It was a very fine cat, as cats go. And as cats go, it went. All over Ron's Quidditch boots which he'd left on the back doorstep as usual despite her polite reminders.

"You'd better not let Ron catch you doing that," Hermione said severely. "Though it serves him bloody well right. Nagging, indeed."

The cat fixed her with a long, insolent stare, then flicked its tail at her.

"Well aren't you the snotty one. Purebred, though, by the look of you, and a lovely colour."

The cat condescended to be stroked behind the ear.

"I can see why Professor Snape calls you Lucius."

She could have sworn the cat laughed at her.

Ron wasn't laughing when he saw the damage that had been done to his boots.

"Why the hell didn't you bring them inside?" he shouted, all red-faced and bulging eyed.

"Not my job to pick up after you," she said. "I'm not your mother." One day, she thought, he'd have an aneurysm, shouting like that.

"No, you're not."

"What do you mean by that?" Hermione asked coolly.

"You know exactly what I mean." Ron took a deep breath, and changed tack. "I swear you did it on purpose."

"If you think I crapped in your boots, Ron, you're being more stupid than usual."

"I meant that you persuaded Crookshanks to do it. That bloody cat hates me."

"I can't persuade Crookshanks to do anything he doesn't want to. No one can ever make a cat do anything."

Ron glowered at her. "You're always sticking up for that bloody thing."

"Probably because he's innocent. The same way he was when you thought he was trying to eat Pettigrew. It wasn't Crookshanks, It was Professor Snape's familiar.

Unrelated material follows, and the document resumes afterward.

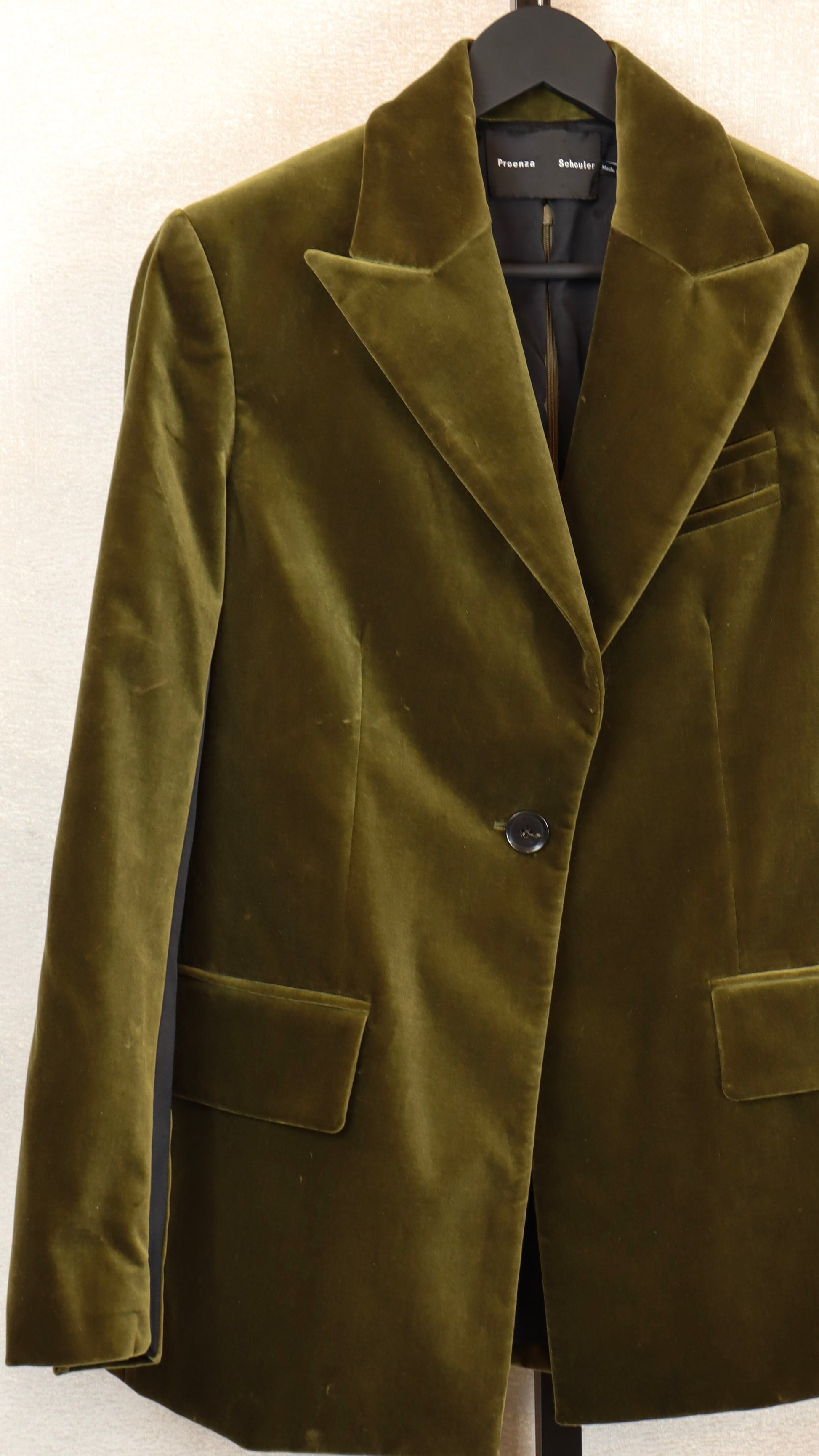 Olive Green Velvet Single Breasted Proenza Schouler Blazer

So that's two cats that don't like you. I wonder if you tried to kick Lucius, the same way you tried to kick Crooks last week. Don't think I didn't notice."

"I just pushed him with my foot to make him move, and got a foot-full of claw in return. Vicious brute – and wait a minute, did you call that bloody cat Lucius? Did Snape call his cat after Mr Malfoy? That's just odd, sitting there of an evening with Lucius on his knee."

Crookshanks, as if hearing his name, sauntered into the room with his tail cocked at a jaunty angle, and jumped up into Hermione's lap. She crooned nonsense into his ear, whilst scratching just that spot behind his ear.

"I swear that cat is smirking at me," Ron said, his good humour at the thought of Snape stroking Lucius and all the dirty jokes he bring up over the dinner table fading under the joint hostile stares of human and cat.

"Cats don't smirk, do they, Crooks?" Hermione said, in the face of all the evidence, and pulled Crookshanks closer. "Not even at nasty men who deserve it."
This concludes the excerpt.